Jackson contempló su cuaderno de notas como si esperase ver en él respuestas, en vez de preguntas. Luego miró a McLeod.
—Bueno, profesor, vamos a hablar de la conversación de esta tarde. El tema de esa conversación no es del dominio público.
—Y, técnicamente, no es materia que le incumba a usted tampoco —dijo McLeod en tono cansado—. Pero, teniendo en cuenta que posee usted una cinta magnetofónica en la que está grabada totalmente la conversación, no veo la necesidad de que se moleste en interrogarme.
Jackson se mordió los labios y miró de soslayo a otro de los agentes, el cual enarcó ligeramente las cejas.
McLeod sonrió, complacido del desconcierto que revelaban aquellos gestos. Su piso estaba controlado, desde luego, pero el galáctico había conseguido neutralizar los instrumentos. Sin embargo, McLeod decidió que era preferible facilitar voluntariamente la información, antes de que le amenazaran con el Acta de Seguridad Planetaria. Sabía que aquella amenaza le pondría furioso y podría decir algo que le pusiera en un verdadero apuro.
No estaba mal fastidiar a Jackson hasta cierto punto, pero sería estúpido pasarse de la raya...
—Sin embargo —continuó McLeod—, dado que el asunto no es del dominio público, como usted dice, estoy dispuesto a contestar las preguntas que quiera hacerme.
—Háblenos del tema general de la conversación —dijo Jackson—. Si tengo que formularle alguna pregunta, lo haré..., ejem..., en el momento oportuno.
McLeod procuró explicar en pocas palabras lo que el galáctico deseaba. En realidad, había muy poco que contar. El galáctico pertenecía a una raza desconocida de McLeod: era un humanoide de piel roja —roja como el fuego, no amerindio— y rostro de facciones más bien agradables, comparadas con los rasgos acocodrilados de los habitantes de Gelakin, Se había presentado a sí mismo con un nombre impronunciable, y luego había explicado que, puesto que aquel nombre significaba "amable" o "misericordioso" en uno de los idiomas más antiguos de su planeta, se encontraría más en situación si McLeod le llamaba "Clement". Al cabo de unos instantes habían sido "Clem" y "Mac" el uno para el otro.
McLeod se dio cuenta de que Jackson no acababa de creer aquello. Los galácticos, cualquiera que fuese su raza, eran huraños, corteses, reservados y, a veces, fastidiosamente condescendientes. En fin, McLeod no podía evitar que Jackson opinara a su modo; lo importante era que él estaba diciendo la verdad.

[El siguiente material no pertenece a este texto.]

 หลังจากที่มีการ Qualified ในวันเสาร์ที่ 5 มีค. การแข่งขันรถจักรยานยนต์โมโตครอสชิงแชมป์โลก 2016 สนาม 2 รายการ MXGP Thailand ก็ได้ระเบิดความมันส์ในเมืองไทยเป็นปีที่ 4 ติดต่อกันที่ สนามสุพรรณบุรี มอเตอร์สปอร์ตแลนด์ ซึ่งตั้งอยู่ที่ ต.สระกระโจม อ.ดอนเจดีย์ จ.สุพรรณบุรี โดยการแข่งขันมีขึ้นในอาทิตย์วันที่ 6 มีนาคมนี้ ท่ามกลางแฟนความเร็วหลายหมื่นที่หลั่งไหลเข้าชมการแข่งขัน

Clem deseaba algo muy sencillo. Clem era una especie de agente literario. Al parecer, el sistema galáctico de editar libros no funcionaba como el sistema terrestre; Clem cobraba su comisión del editor en vez de cobrarla del autor, pero estaba considerado como un representante del autor, y no del editor. McLeod no había comprendido del todo cómo funcionaba aquello, pero no trató de profundizar en la materia. Había un montón de cosas que no comprendía acerca de los galácticos.
Lo único que Clem deseaba era actuar como agente de McLeod para la publicación de Interstellar Ark.

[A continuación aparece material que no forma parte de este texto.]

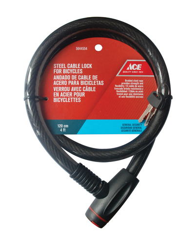 BICYCLE CABLE LOCK BLACK 120CM 4' STEEL
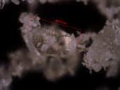 | Mikroskopische Aufnahme der gemahlenen Probe. Unter dem Lichtmikroskop fanden sich noch Partikel bis zu einer Länge von ca. 890 µm. |

—¿Y qué le dijo usted? —preguntó Jackson.
—Le dije que deseaba meditar su proposición.
Jackson se inclinó hacia adelante.
—¿Cuánto dinero le ofreció? —preguntó ávidamente.
—No mucho —respondió McLeod—. Por eso le dije que quería pensarlo. Clem me habló del elevado coste del transporte, de la traducción, etc., y me ofreció la milésima parte del uno por ciento en concepto de derechos de autor.
Jackson parpadeó.
—¿La qué?
—La milésima parte del uno por ciento. Si el editor vende cien mil ejemplares a un crédito el ejemplar, me enviarán un cheque de un crédito.
Jackson resopló.
—Eso es una estafa.
—Clem dijo que era el porcentaje normal para los autores noveles.

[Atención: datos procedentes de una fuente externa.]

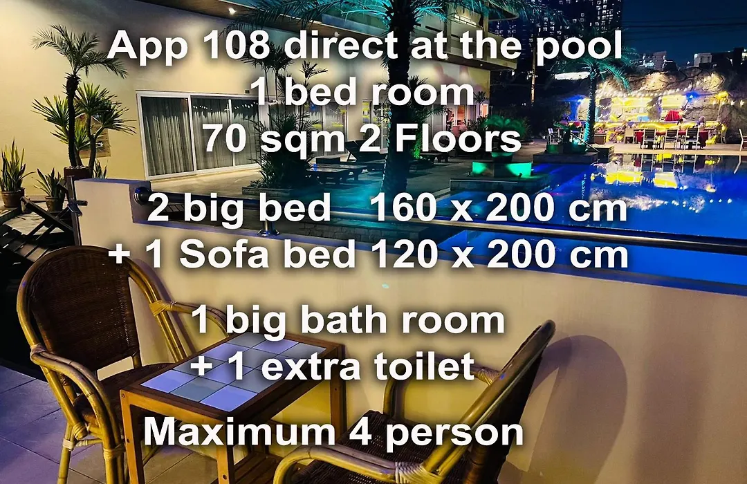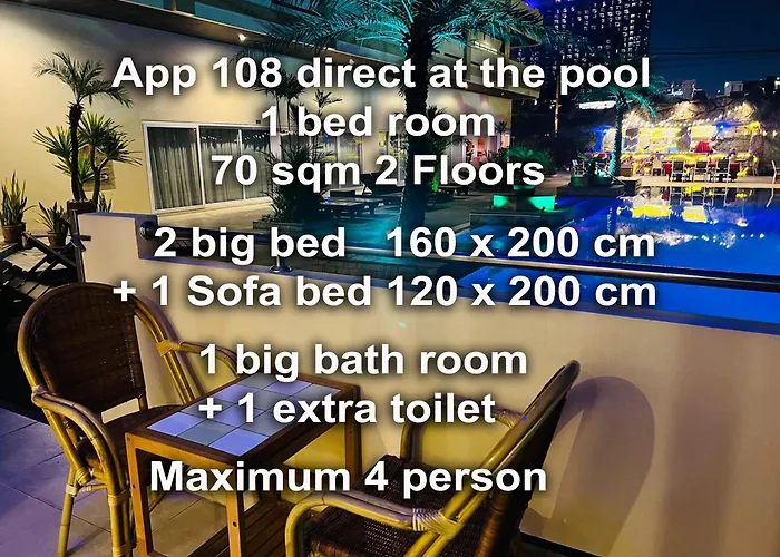 The apartment is located 1.5 miles from Bottle Art Musuem Museum and is 1.3 miles from the beach of Pattaya. The accommodation is about a 10-minute walk from food market, and also only steps away from Na Spa. 1.7 miles from the apartment you will find Sanctuary of Truth.

Jackson sacudió la cabeza.
—Por el hecho de que carecemos de naves interestelares y estamos encerrados en nuestro propio sistema solar, nos tratan como si fuéramos unos ignorantes salvajes. Le están estafando a usted, no lo dude.
—Es posible —dijo McLeod—. Pero, si realmente quisieran estafarme, podrían hacer ediciones piratas de mi libro. Y yo no podría reclamar nada.
—Sí. Pero a fin de que no pueda decirse que faltan a la ética, nos echan un mendrugo. Y lo malo es que tenemos que aceptarlo. Usted aceptará, naturalmente.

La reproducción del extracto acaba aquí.